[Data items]
# # # # #
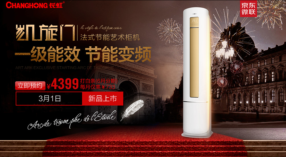 2月25日,在位于北京中关村的JD+智能奶茶馆举办了一场“邂逅·简风尚—长虹凯旋门法式一级节能柜机京东首发会”。在该发布会上,长虹空调与京东共同推出了一款名为“凯旋门”的全球首款法式一级节能柜机。该柜机是为长虹与京东共同征战2016年国内艺术柜机市场所打造的一款极致配置的性价比之王,在引领行业“简风尚”的同时,也将成为引爆2016年国内艺术柜机市场的一级节能新标杆。
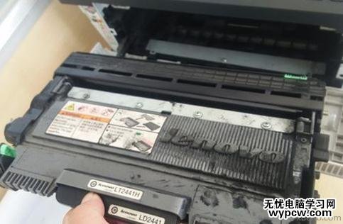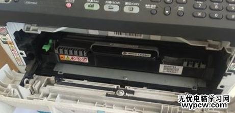 打開前蓋,取出墨粉盒,更換墨粉,換完墨粉先別急著把蓋子蓋上。
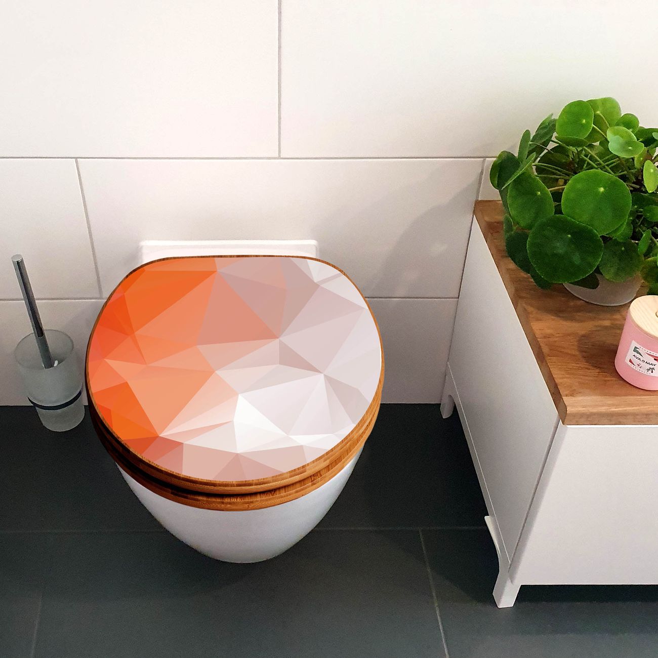 Design WC-Sitz Bambus Holz Motiv Orange Polygon
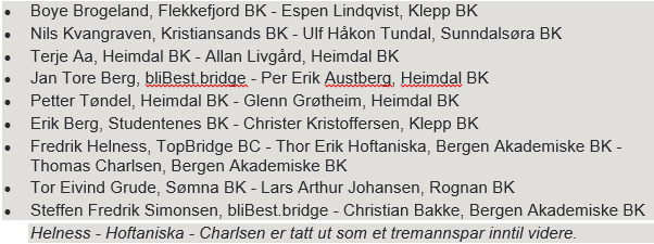 Her er det noe (litt) nytt, og endel "gammelt". Noen av parene har spilt sammen i en årrekke, men det er også noen par som har vært på landslaget de siste årene som nå har slutte å spille sammen. Dermed er det noen nye kombinasjoner også. Ikke helt ideelt, for etablerte, langvarige makkerpar med internasjonal erfaring er trolig det som skal til for å lykkes internasjonalt. Men de nye parene er spennende. Normalt antas at nye makkerpar behøver 3-5 år for å etablere seg og bli stabile nok, men det kan kanskje ta kortere tid om de to spillerne på en måte kommer fra samme "bridgekultur", og det gjør egentlig de fleste norske toppspillere.
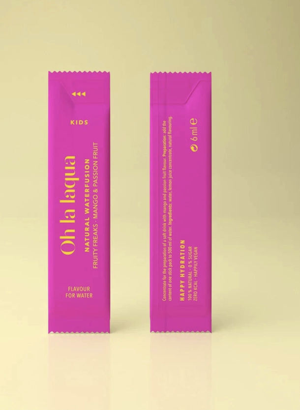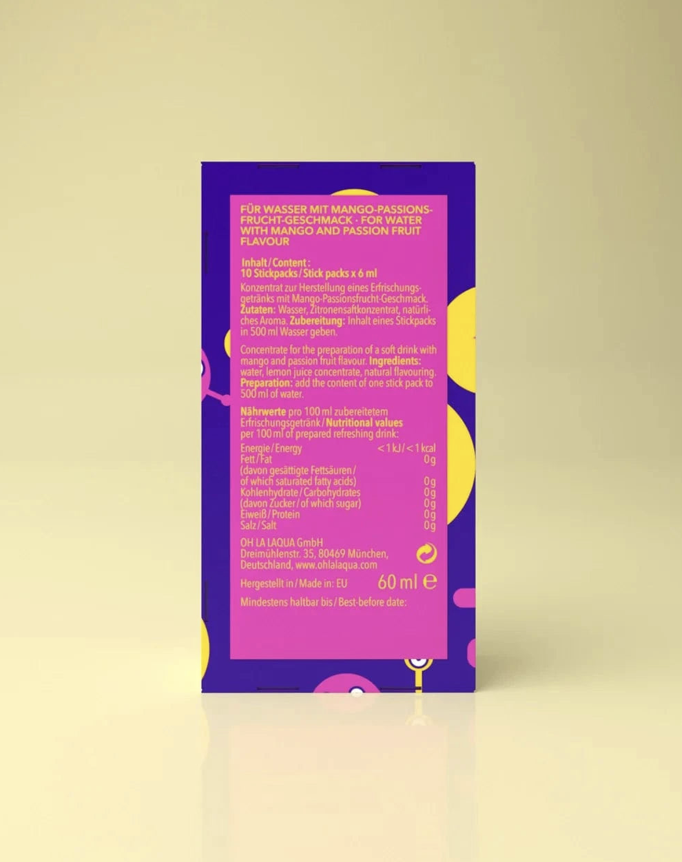 Üks pakk OH LA LAQUA Fruity Freaks ᛫ Mango & Passion Fruit sisaldab 10 käepärast pulkpakki, millest igaüks sisaldab 6 ml Natural Waterfusioni. Lisa lihtsalt ühe pulkpaki sisu poole liitri mineraal- või kraaniveele, mis on gaseeritud või gaseerimata. Vedel kontsentraat lahustub otse vees, ilma et oleks vaja segada, loksutada või oodata. Ja sinu mango-passionvilja maitsega infundeeritud vesi on valmis. 100% looduslik, ilma magusainete ja kaloriteta.
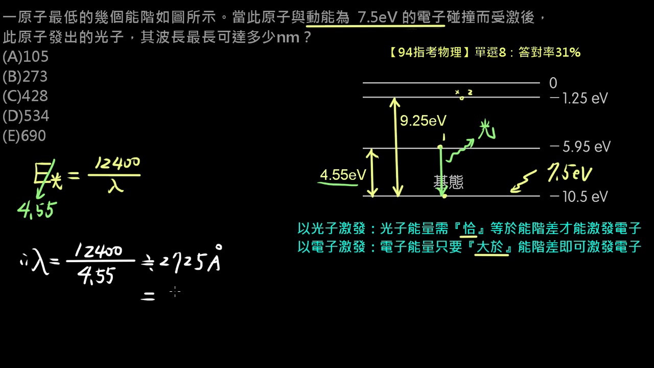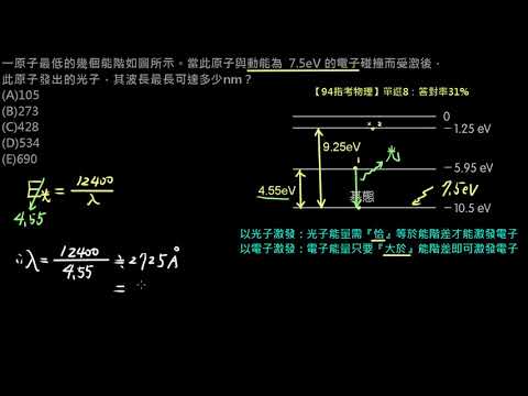 載入中... 相關課程 Back 【例題】【指考物理】94 單選8:能階躍遷-激發方式 相關課程 0 / 750 登入觀看 ⇐ Use this menu to view and help create subtitles for this video in many different languages. You'll probably want to hide YouTube's captions if using these subtitles. 【例題】【指考物理】94 單選8:能階躍遷-激發方式 上傳學習單 下載學習單
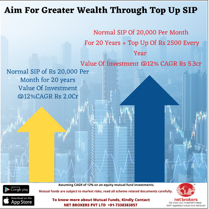 On the other hand, if he starts his SIP of Rs 20,000 in the same mutual fund scheme but with a commitment to top up his SIP amount by Rs 2500 every year, he would be able to accumulate a corpus amount of Rs 5.3cr in the same time period of 20 years.
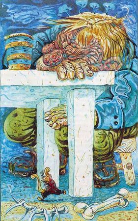 Но жена, как и в прошлый раз, стала корить его: мол, человечьим духом и не пахнет, просто нюх у него от старости притупился. Великан не любил таких разговоров. Он угрюмо съел свой завтрак и сказал:
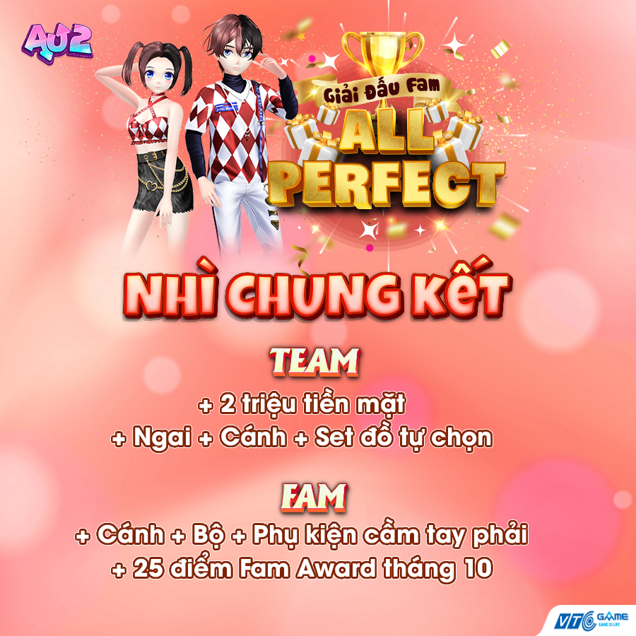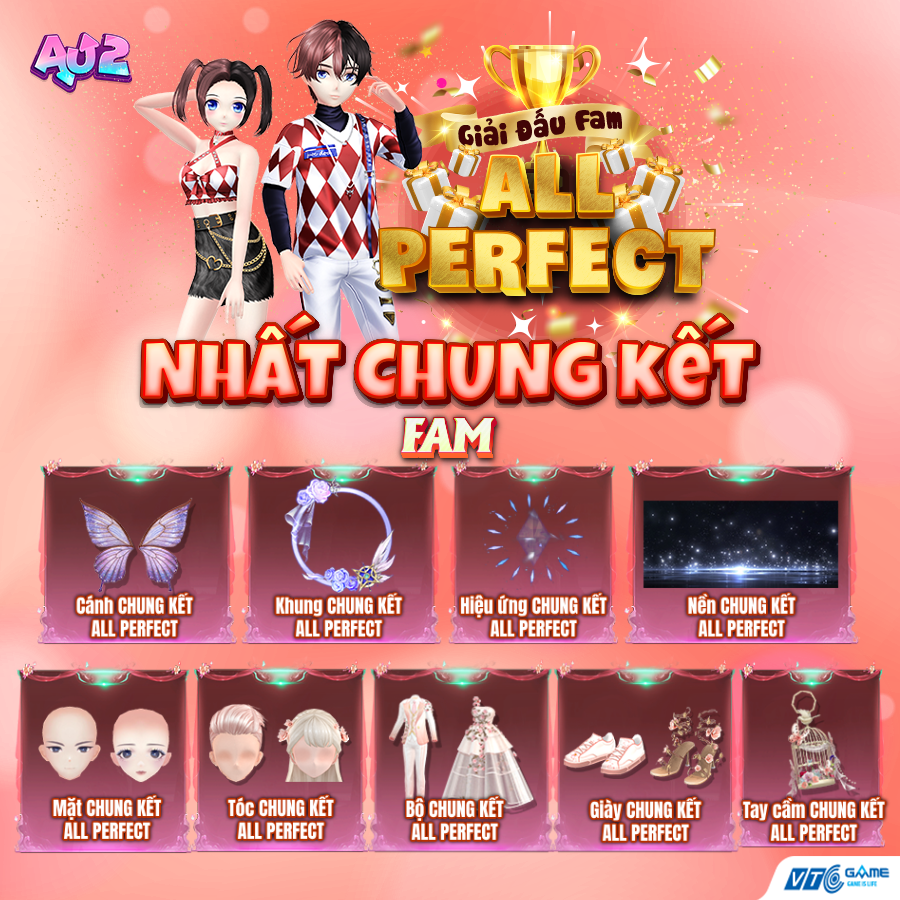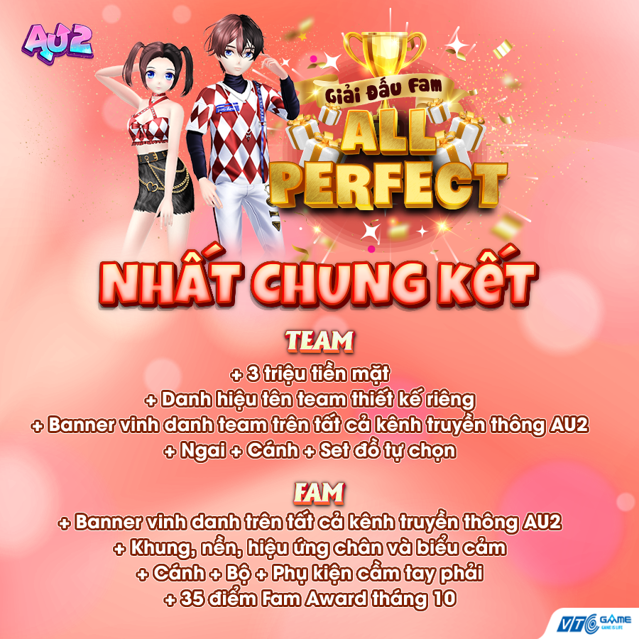 + Fam: Banner vinh danh Fam trên tất cả kênh truyền thông AU2 + Khung, nền, hiệu ứng chân và biểu cảm + Cánh, bộ, phụ kiện cầm tay phải + 35 điểm Fam Award tháng 10
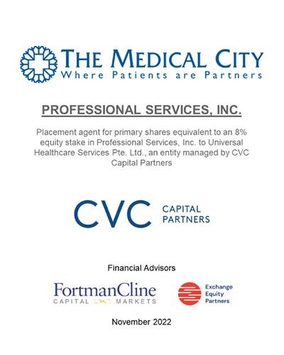 Placement agent for primary shares equivalent to 8% equity stake |
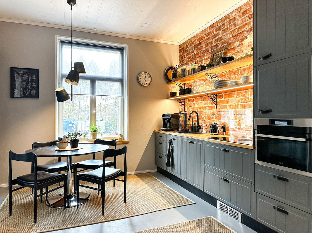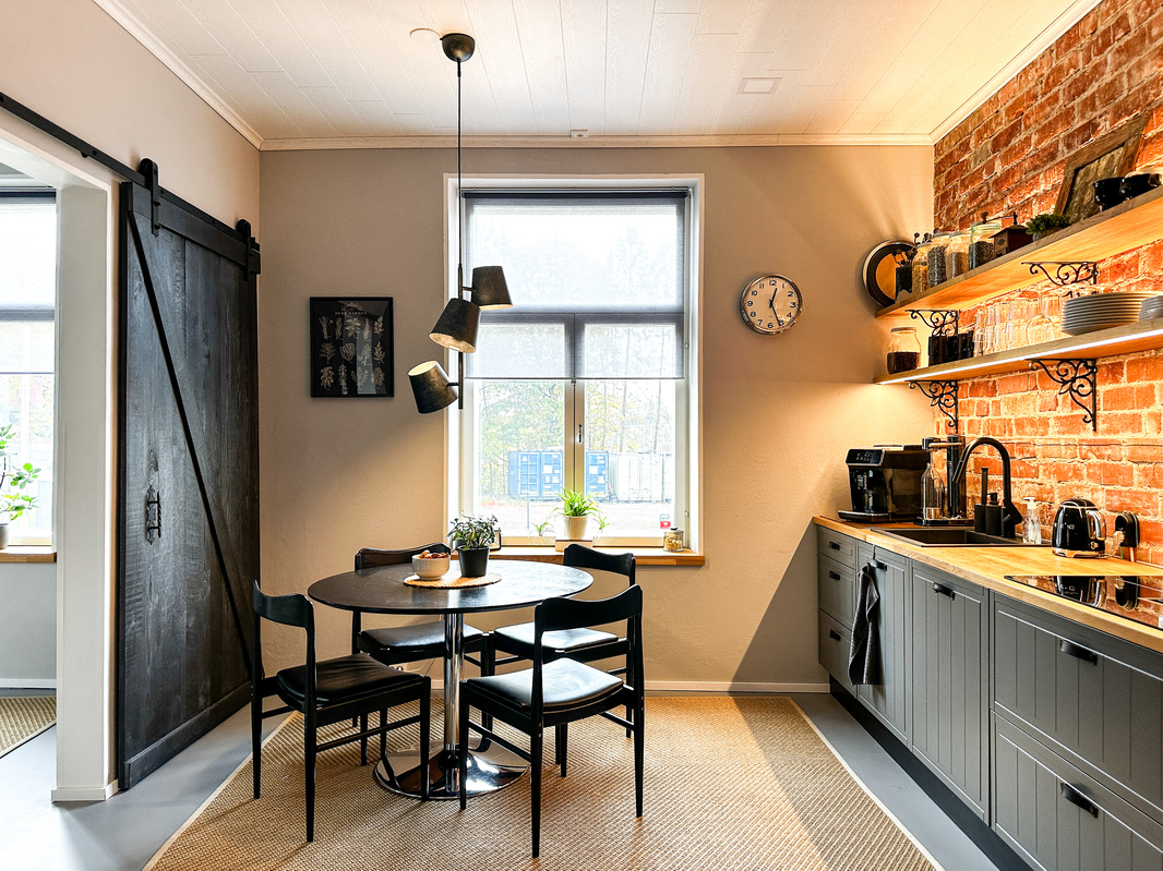 yhteiskäytössä oleva keittiö alakerran toimiston kanssa
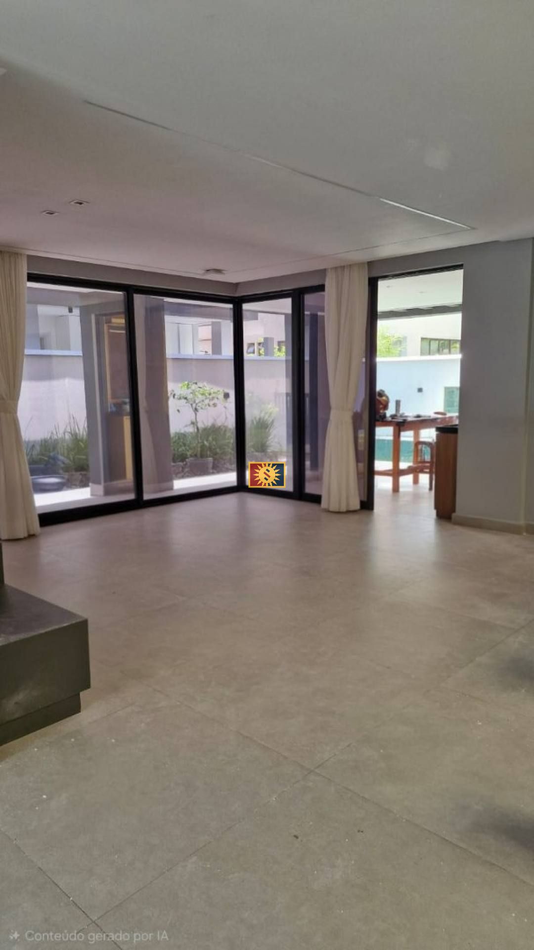 •Living estendido com sala de estar, jantar integrada com a área gourmet e a piscina
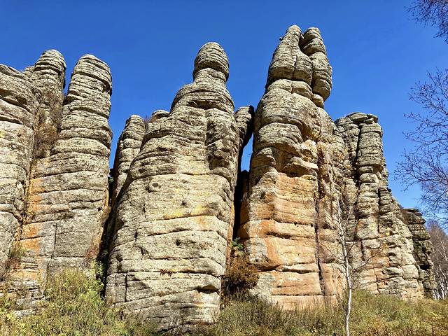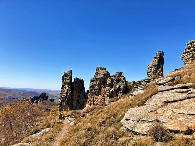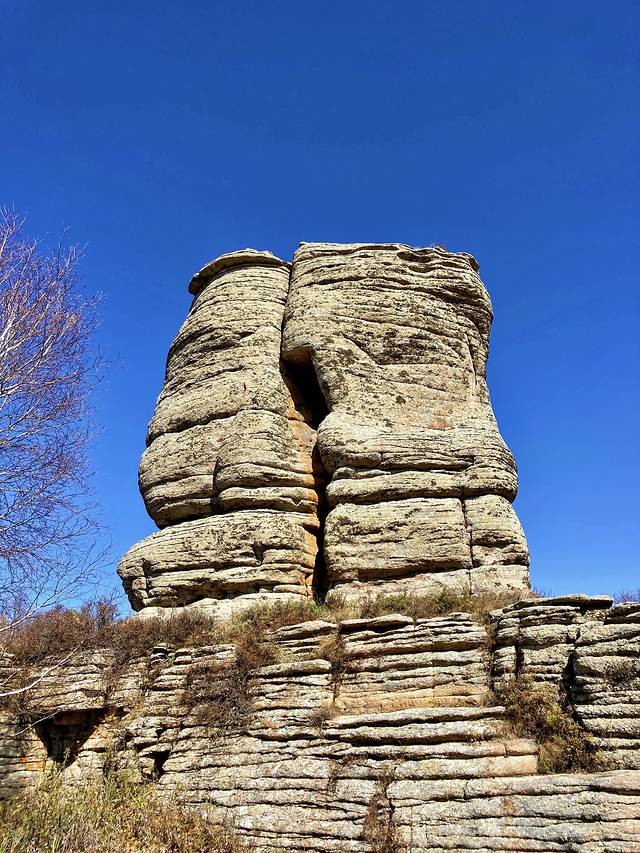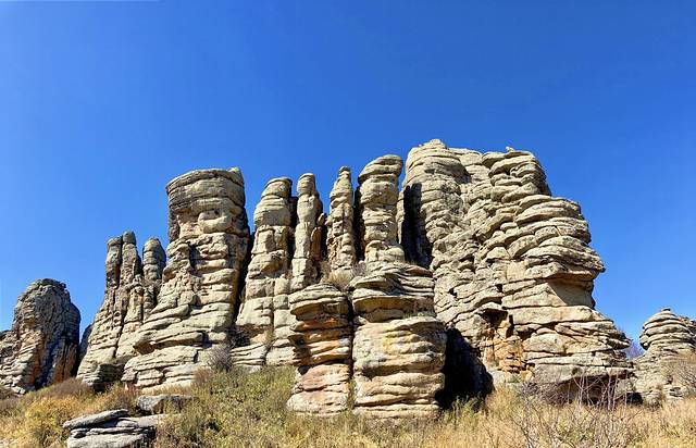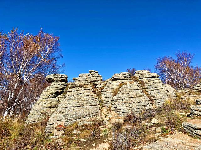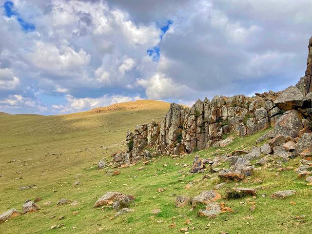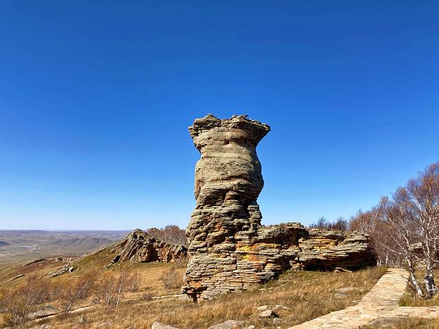 也叫克什克腾石阵,阿斯哈图是蒙语 “险峻的岩石” 的意思。石林在较为平坦的丘陵地带,达达线的尽头,这里的地貌主要是冰盖冰川运动造成的,石阵孤单的分散矗立在丘陵上,看起来像是一层一层石片堆叠起来。
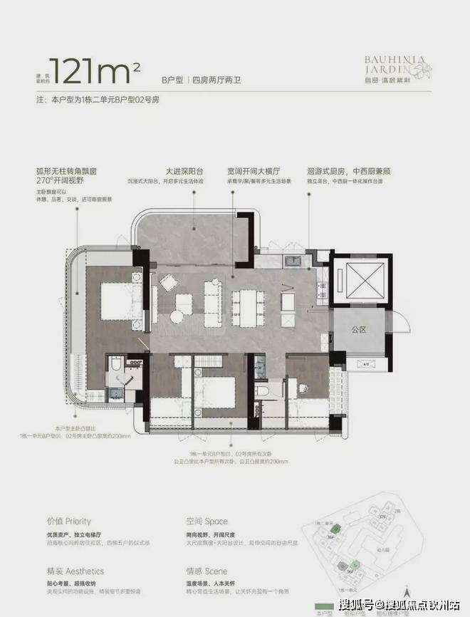 从空间布局来看,U 型厨房的设计极为人性化,大开间客厅与宽阳台是整个户型的最大亮点,西南向视野使得整个户型采光充足,贯通式阔景阳台与客厅、卧室双通,极大地拓展了生活空间的宽度。主卧的飘窗台也是一大亮点,弧形无柱转角飘窗不仅提供了广阔的视野,还增加了室内的采光。
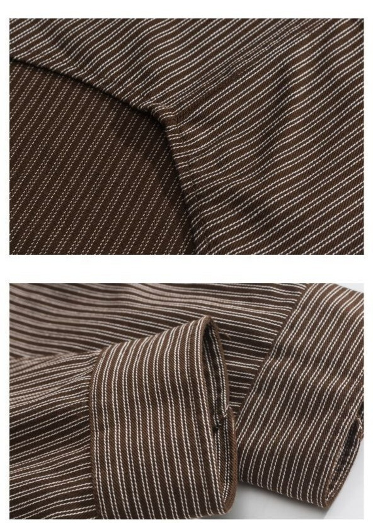 P17002メンズ ワイシャツ 長袖トッブス ダブルカラー 2024春夏新作 ペアルック ストライプ
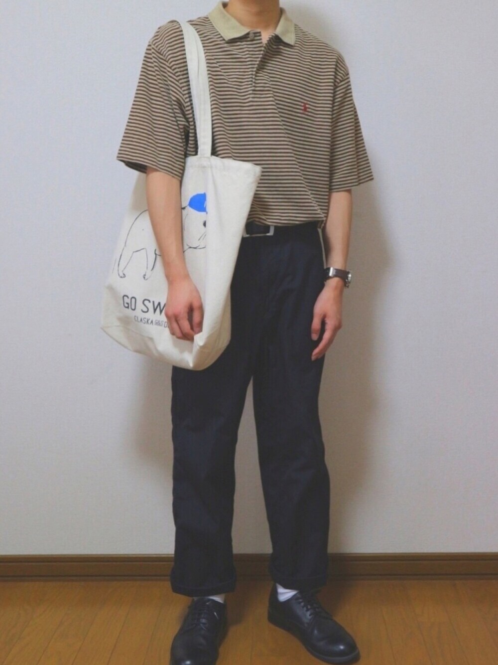 古着コーデです‼︎ このポロシャツお気に入り!黒のワイドパンツと革靴でうまく可愛さを中和できたかなと思います。 良きと思ったらいいね👍&フォローお願いします🤲
# # # # #
* _Your assignment_: Write the records out exactly once more, leaving off the pictures.

* _Answer to the exercise_:
 2月25日,在位于北京中关村的JD+智能奶茶馆举办了一场“邂逅·简风尚—长虹凯旋门法式一级节能柜机京东首发会”。在该发布会上,长虹空调与京东共同推出了一款名为“凯旋门”的全球首款法式一级节能柜机。该柜机是为长虹与京东共同征战2016年国内艺术柜机市场所打造的一款极致配置的性价比之王,在引领行业“简风尚”的同时,也将成为引爆2016年国内艺术柜机市场的一级节能新标杆。
 打開前蓋,取出墨粉盒,更換墨粉,換完墨粉先別急著把蓋子蓋上。
 Design WC-Sitz Bambus Holz Motiv Orange Polygon
 Her er det noe (litt) nytt, og endel "gammelt". Noen av parene har spilt sammen i en årrekke, men det er også noen par som har vært på landslaget de siste årene som nå har slutte å spille sammen. Dermed er det noen nye kombinasjoner også. Ikke helt ideelt, for etablerte, langvarige makkerpar med internasjonal erfaring er trolig det som skal til for å lykkes internasjonalt. Men de nye parene er spennende. Normalt antas at nye makkerpar behøver 3-5 år for å etablere seg og bli stabile nok, men det kan kanskje ta kortere tid om de to spillerne på en måte kommer fra samme "bridgekultur", og det gjør egentlig de fleste norske toppspillere.
 Üks pakk OH LA LAQUA Fruity Freaks ᛫ Mango & Passion Fruit sisaldab 10 käepärast pulkpakki, millest igaüks sisaldab 6 ml Natural Waterfusioni. Lisa lihtsalt ühe pulkpaki sisu poole liitri mineraal- või kraaniveele, mis on gaseeritud või gaseerimata. Vedel kontsentraat lahustub otse vees, ilma et oleks vaja segada, loksutada või oodata. Ja sinu mango-passionvilja maitsega infundeeritud vesi on valmis. 100% looduslik, ilma magusainete ja kaloriteta.
 載入中... 相關課程 Back 【例題】【指考物理】94 單選8:能階躍遷-激發方式 相關課程 0 / 750 登入觀看 ⇐ Use this menu to view and help create subtitles for this video in many different languages. You'll probably want to hide YouTube's captions if using these subtitles. 【例題】【指考物理】94 單選8:能階躍遷-激發方式 上傳學習單 下載學習單
 On the other hand, if he starts his SIP of Rs 20,000 in the same mutual fund scheme but with a commitment to top up his SIP amount by Rs 2500 every year, he would be able to accumulate a corpus amount of Rs 5.3cr in the same time period of 20 years.
 Но жена, как и в прошлый раз, стала корить его: мол, человечьим духом и не пахнет, просто нюх у него от старости притупился. Великан не любил таких разговоров. Он угрюмо съел свой завтрак и сказал:
 + Fam: Banner vinh danh Fam trên tất cả kênh truyền thông AU2 + Khung, nền, hiệu ứng chân và biểu cảm + Cánh, bộ, phụ kiện cầm tay phải + 35 điểm Fam Award tháng 10
 Placement agent for primary shares equivalent to 8% equity stake |
 yhteiskäytössä oleva keittiö alakerran toimiston kanssa
 •Living estendido com sala de estar, jantar integrada com a área gourmet e a piscina
 也叫克什克腾石阵,阿斯哈图是蒙语 “险峻的岩石” 的意思。石林在较为平坦的丘陵地带,达达线的尽头,这里的地貌主要是冰盖冰川运动造成的,石阵孤单的分散矗立在丘陵上,看起来像是一层一层石片堆叠起来。
 从空间布局来看,U 型厨房的设计极为人性化,大开间客厅与宽阳台是整个户型的最大亮点,西南向视野使得整个户型采光充足,贯通式阔景阳台与客厅、卧室双通,极大地拓展了生活空间的宽度。主卧的飘窗台也是一大亮点,弧形无柱转角飘窗不仅提供了广阔的视野,还增加了室内的采光。
 P17002メンズ ワイシャツ 長袖トッブス ダブルカラー 2024春夏新作 ペアルック ストライプ
 古着コーデです‼︎ このポロシャツお気に入り!黒のワイドパンツと革靴でうまく可愛さを中和できたかなと思います。 良きと思ったらいいね👍&フォローお願いします🤲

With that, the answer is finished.